The closure sparked intense local debate over its likely fallout. Over 22,000 cars had been using the bridge everyday. Now they needed to drive somewhere else. Residents, politicians, and commentators demanded the Bridge be re-opened as soon as possible.
I was not so sure.
What is a credible solution?
HL Mencken, the American essayist, observed:
‘There is a well-known solution to every human problem — neat, plausible and wrong.’
This is not a question about whether to fix a bridge. It’s bigger than that.
If climate change is so pressing.
If we each have to make some adjustments.
If transport produces about a quarter of the greenhouse gas emissions in the UK and Richmond borough.
And if we are serious about net zero, why restore this local enabler?
By 2022, with fewer work commitments, I had the time to go deeper. I attended public meetings, spoke to local election candidates asking for my vote on the doorstep and met residents on all sides of the debate.
I came away convinced of one thing: a binary choice - fully restore the bridge for cars or keep it closed to them - misses the point. Either option, alone, is insufficient.
If we allow tens of thousands of cars to dominate this part of London, how does that support net zero? If we keep the bridge for ‘walkers and wheelers’, how do we manage all those cars in this corner of the city?
This needs a more nuanced answer. That means trade-offs. Mitigations. Innovations. Adaptations. The stuff of my career.
I wanted a better answer to the bigger question, how do we balance urgent climate action with the realities of modern urban life?
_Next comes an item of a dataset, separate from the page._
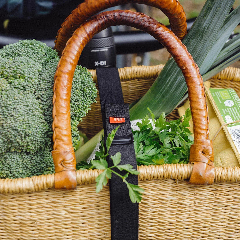 La Maxi Strap assure un transport sûr de tes bagages sur un porte-bagages avant ou arrière. Avec une longueur maximale de 75 cm, c’est le modèle le plus long de la gamme de sangles de serrage pour porte-bagages FAHRER et il est particulièrement adapté au porte-bagages avant des vélos électriques Riese & Müller. Qu’il s’agisse du sac pour le bureau, d’une sortie à vélo ou d’une couverture pour une journée au bord du lac, la sangle de serrage élastique du porte-bagages maintient le chargement en place de manière fiable.

Theory alone wasn’t going to cut it. What mattered was practical insight — grounded in experience, informed by data, and open to others. I didn’t want to sit on the sidelines with an opinion. I wanted to help move things forward. The bridge had shifted from a local inconvenience to something larger: it had become a test case for how we might respond — fairly and sensibly — to the challenges of climate change in the place we live.
What should I do about this?
A familiar sensation returned, a kind of restless energy. I’ve been here before. Ideas, data, opinions. connections. A colleague once described me in this state as, ‘ .. an ideas factory .. a mini-think tank.’
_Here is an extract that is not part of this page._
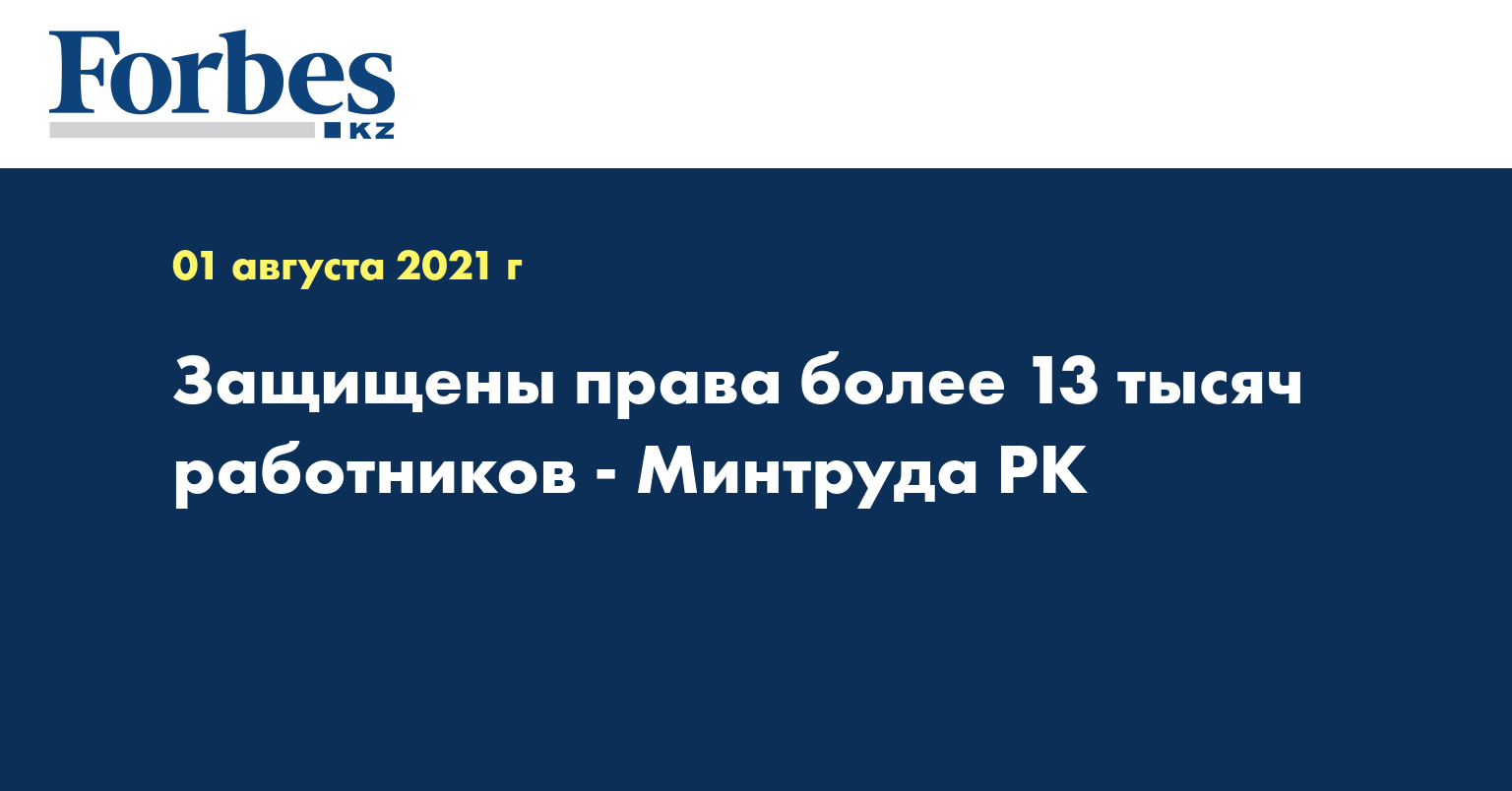 С начала года госинспекторами труда защищены права более 13,2 тыс. работников, передает МИА «Казинформ» со ссылкой на пресс-службу Минтруда РК.

When I am overwhelmed like this, I turn to models or frameworks to provide structure.
I tried various formulations. One stuck. Since 2024, I have used this question to organise my thinking on this topic:
How do I live my best life in the world’s greatest city during this climate emergency?
The rest fell into place quickly. I considered different ways to answer that question but settled on publishing a blog. This would do several things:
writing helps me think clearly
the result is a knowledge base
and publishing creates accountability
The blog will also buttress my credentials. I am going to need the help of many others to do this. The blog should reassure them this is a serious endeavour.

This is for me, for now
My blog started with an earlier version of this article in January, 2025. In March I felt sufficiently encouraged by the blog to commit to another year.
I plan to grow Bridged slowly and deliberately. At this stage, I’m not promoting it widely or chasing subscribers. It’s a place to think things through, learn in public, and see where ideas go. A workshop, not a platform.
If you’ve read this far, thank you. I hope you’ll take what follows in the spirit it’s offered.
My name is Andy Conroy.
I live in south-west London and have lifetime’s commitment to the public realm.
I am an amateur writer and an aspiring place-maker and environmentalist.
I care deeply about these issues and my city.
I am trying to age with mischief, grace, and a lighter footprint.